YOUR GOAL
Reproduce, exactly and only, the lines of the data that follows from the one containing "Antena Móvel 1/4" down to the one containing "Kế hoạch Kiểm tra cuối Học kỳ 1 (2022-2023)", without pictures.

DATA PROVIDED
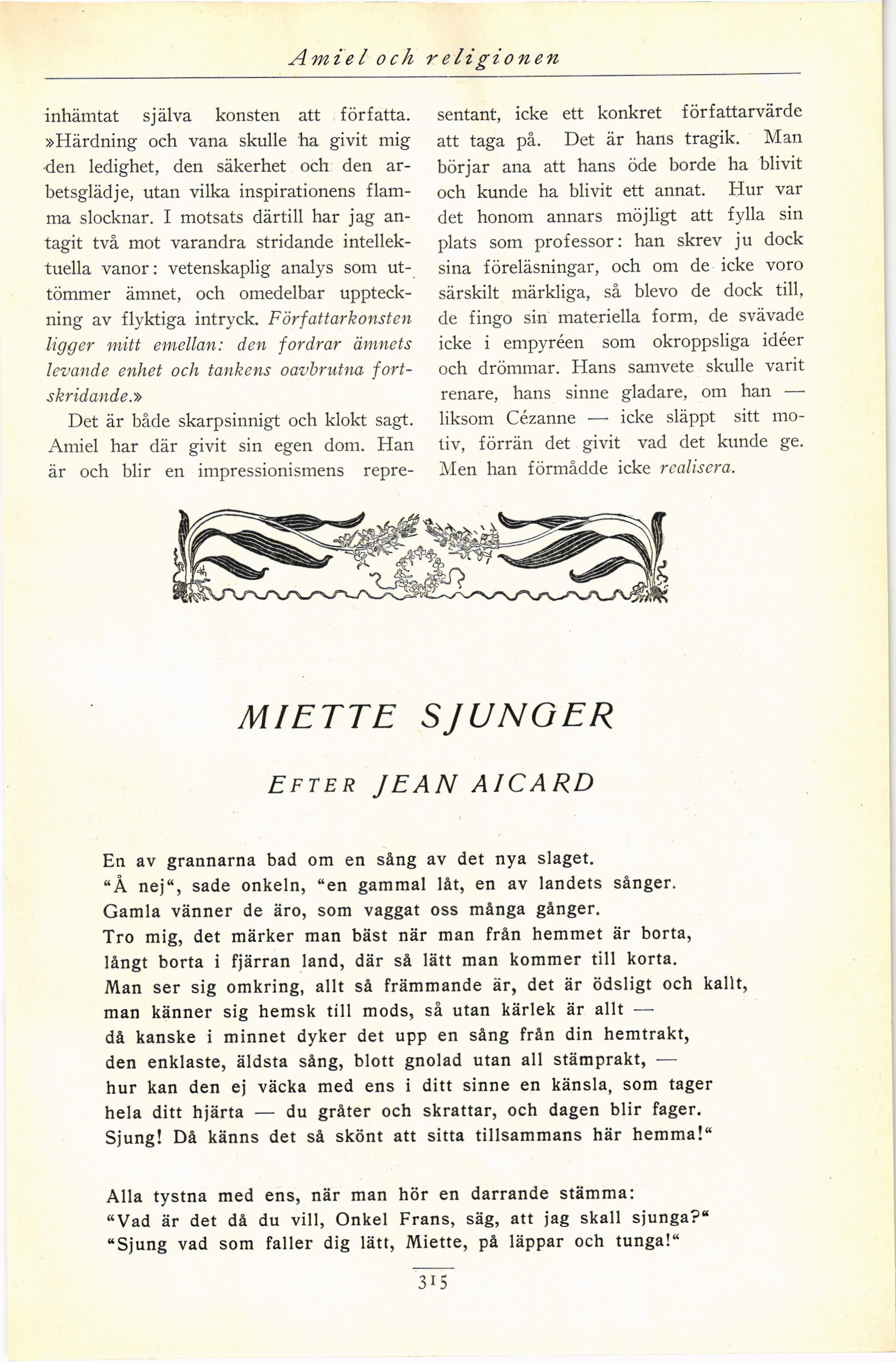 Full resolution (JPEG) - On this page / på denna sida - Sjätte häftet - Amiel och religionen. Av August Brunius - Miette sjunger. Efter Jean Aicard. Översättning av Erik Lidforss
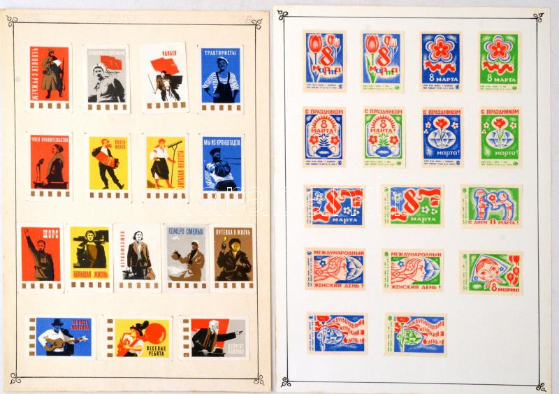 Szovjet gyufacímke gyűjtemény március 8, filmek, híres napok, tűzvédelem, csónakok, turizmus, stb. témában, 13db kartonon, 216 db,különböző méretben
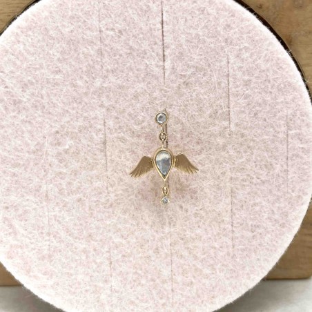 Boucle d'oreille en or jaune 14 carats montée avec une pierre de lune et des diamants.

---

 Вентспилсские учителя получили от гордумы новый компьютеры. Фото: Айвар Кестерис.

...

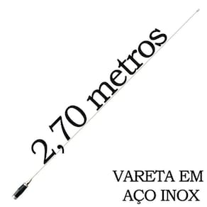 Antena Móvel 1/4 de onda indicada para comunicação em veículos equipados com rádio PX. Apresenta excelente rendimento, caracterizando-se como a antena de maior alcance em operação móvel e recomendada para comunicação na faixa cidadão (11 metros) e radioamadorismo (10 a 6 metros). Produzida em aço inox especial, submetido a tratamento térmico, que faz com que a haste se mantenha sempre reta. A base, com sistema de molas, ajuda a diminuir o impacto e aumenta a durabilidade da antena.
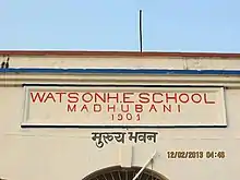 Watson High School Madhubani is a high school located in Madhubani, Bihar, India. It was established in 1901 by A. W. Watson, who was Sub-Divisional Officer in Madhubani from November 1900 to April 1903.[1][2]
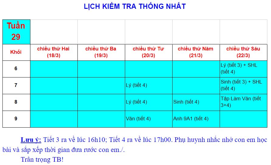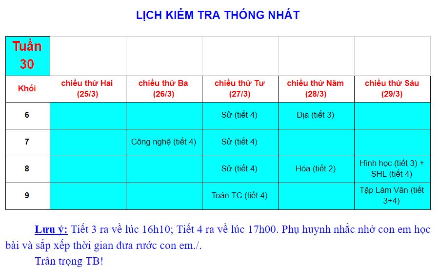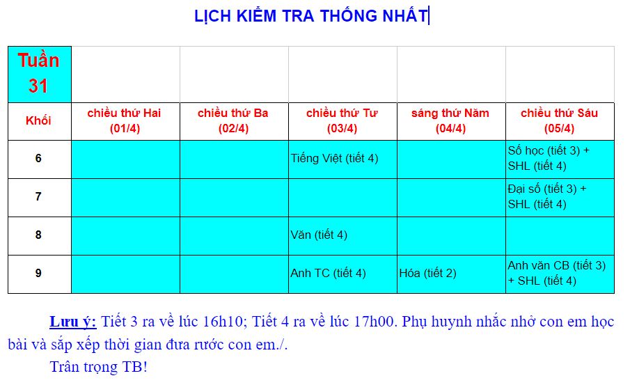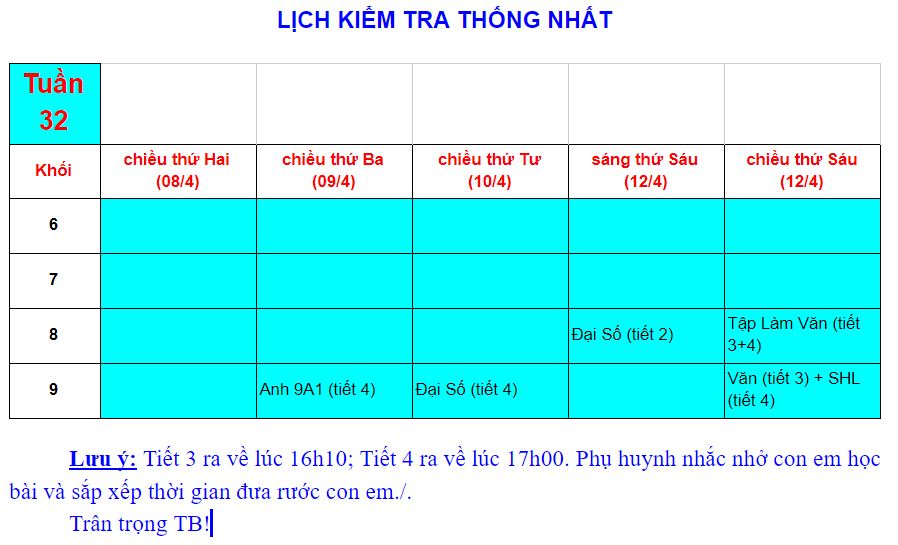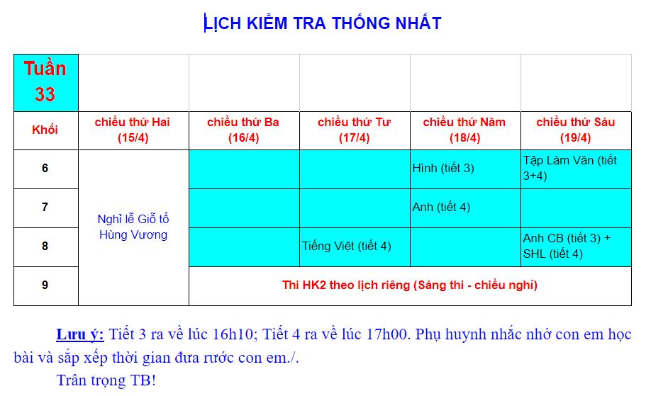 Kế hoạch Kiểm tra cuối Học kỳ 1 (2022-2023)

RESPONSE AREA
 Antena Móvel 1/4 de onda indicada para comunicação em veículos equipados com rádio PX. Apresenta excelente rendimento, caracterizando-se como a antena de maior alcance em operação móvel e recomendada para comunicação na faixa cidadão (11 metros) e radioamadorismo (10 a 6 metros). Produzida em aço inox especial, submetido a tratamento térmico, que faz com que a haste se mantenha sempre reta. A base, com sistema de molas, ajuda a diminuir o impacto e aumenta a durabilidade da antena.
 Watson High School Madhubani is a high school located in Madhubani, Bihar, India. It was established in 1901 by A. W. Watson, who was Sub-Divisional Officer in Madhubani from November 1900 to April 1903.[1][2]
 Kế hoạch Kiểm tra cuối Học kỳ 1 (2022-2023)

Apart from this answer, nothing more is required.